About this exercise: Only the lines below between the one holding "16 ມັງກອນ 2018" and the one holding "Vizualizace sportovní haly u ZŠ Palachova.", inclusive, are to be reproduced word for word; the pictures are to be left out.

START Information shown

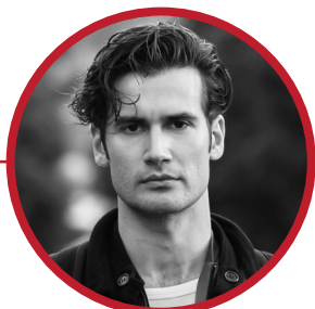
Αναστάσης Ροϊλός, Ηθοποιός, Θεατρολόγος
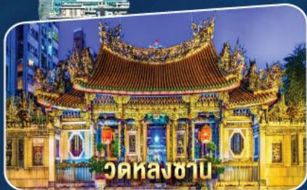
วัดหลงซาบ
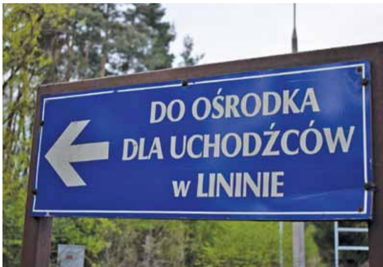
Ośrodek dla Cudzoziemców w Lininie znajduje się w środku lasu
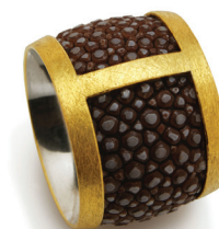
Schmuck Rainer Wiencke - Berlin Bague / Galuchat, or, argent massif 2,5 x 1,9 x 2,5 cm
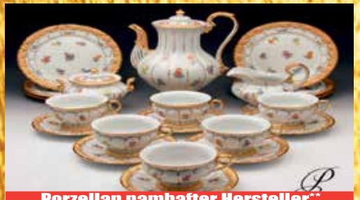
Porzellan namhafter Hersteller**
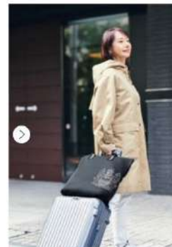
11月28日発売GLOW2025年1月号の
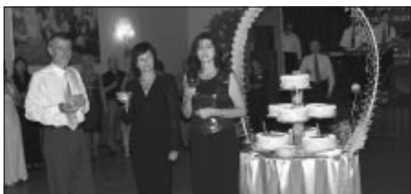
Tort urodzinowy dla „Szacownej Jubilatki”
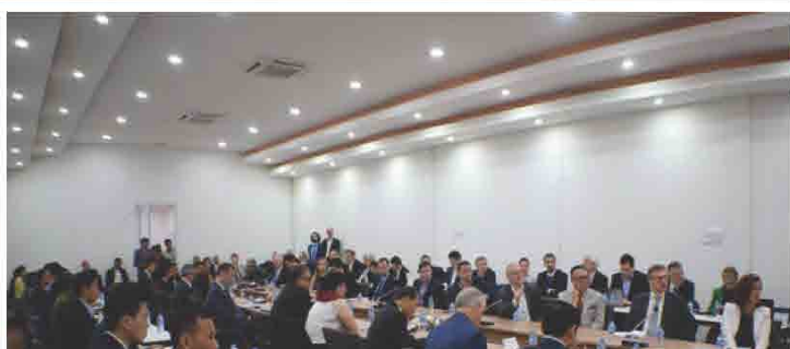
ກອງປະຊຸມການສົ່ງເສີມການຮ່ວມມືດ້ານເສດຖະກິດ-ການຄ້າ ລະຫວ່າງ ລາວ-ສະໂລວັກ ໃນວັນທີ 16 ມັງກອນ 2018
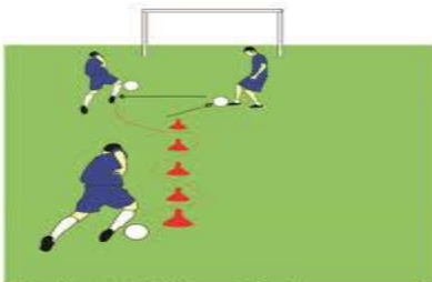
Gambar 1.15. Menggiring dan menendang bola ke gawang.
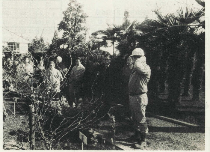
↑ 梅の種類(250種)では日本一といわれ見学が多い
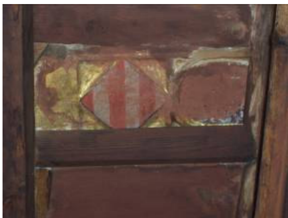
Primitivo escudo de la villa. Coro de la ermita de Nuestra Señora de la Huerta. Ademuz
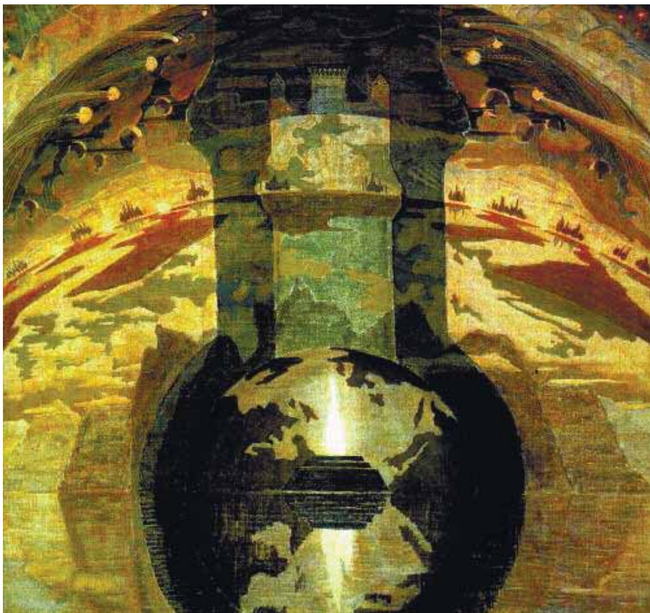
Николай Чюрлёнис. Рех. 1909

Управляющая элита социогуманитарного уклада и особенно периода его формирования должна научиться вовремя артикулировать новые идеологемы, превращать катастрофический фактор изменения идеологического вектора в фактор интенсивного развития. Быть не рабами идеологем, а их создателями и господами.
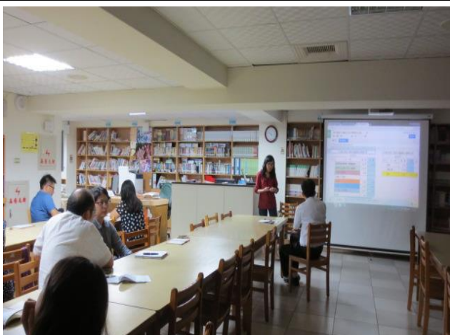
校長與會計主任討論資本門剩餘款
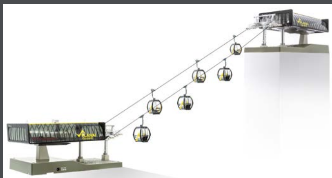
JC82499 D-LINE SET PLANAI, 1 X TALSTATION MIT BELEUCHTUNG UND ANTRIEB 1 X BERGSTATION MIT BELEUCHTUNG 6 X OMEGA V10 „PLANAI“ (5 X SCHWARZ, 1 X GELB) 1 X STRECKENKABEL 3 M 1 X SEIL 10 M
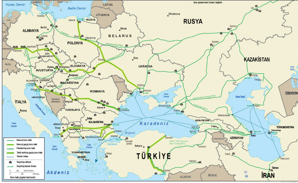
Grafik 2 Türkiye'nin Çevresini Dolaşan Boru Hatları
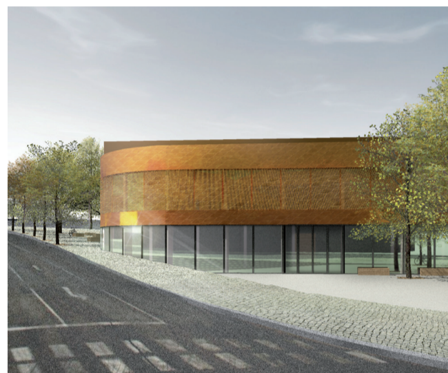
Vizualizace sportovní haly u ZŠ Palachova.
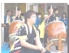
和太鼓の演奏 12時40分頃正面玄関前
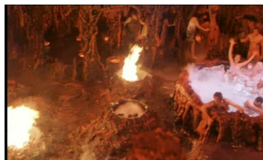
O inferno em Desconstruindo Harry – fotogramas de Carlo DiPalma
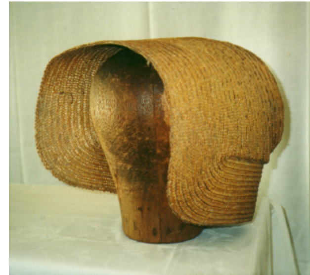
Seitenansicht der Haube und Ansicht von hinten:
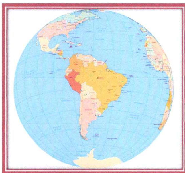
Imagen N°01: Mapa de América del Sur - Perú

País: Perú Región: La Libertad Provincia: Trujillo Distrito: Huanchaco Localidad: El Milagro Región Geográfica: Costa Altitud: 118.00 msnm Latitud Sur: 8° 51' 30.34.68" Latitud Oeste: 79° 3' 59.76" Ubigeo: 130104

END Information shown

Reply:
ກອງປະຊຸມການສົ່ງເສີມການຮ່ວມມືດ້ານເສດຖະກິດ-ການຄ້າ ລະຫວ່າງ ລາວ-ສະໂລວັກ ໃນວັນທີ 16 ມັງກອນ 2018
Gambar 1.15. Menggiring dan menendang bola ke gawang.
↑ 梅の種類(250種)では日本一といわれ見学が多い
Primitivo escudo de la villa. Coro de la ermita de Nuestra Señora de la Huerta. Ademuz
Николай Чюрлёнис. Рех. 1909

Управляющая элита социогуманитарного уклада и особенно периода его формирования должна научиться вовремя артикулировать новые идеологемы, превращать катастрофический фактор изменения идеологического вектора в фактор интенсивного развития. Быть не рабами идеологем, а их создателями и господами.
校長與會計主任討論資本門剩餘款
JC82499 D-LINE SET PLANAI, 1 X TALSTATION MIT BELEUCHTUNG UND ANTRIEB 1 X BERGSTATION MIT BELEUCHTUNG 6 X OMEGA V10 „PLANAI“ (5 X SCHWARZ, 1 X GELB) 1 X STRECKENKABEL 3 M 1 X SEIL 10 M
Grafik 2 Türkiye'nin Çevresini Dolaşan Boru Hatları
Vizualizace sportovní haly u ZŠ Palachova.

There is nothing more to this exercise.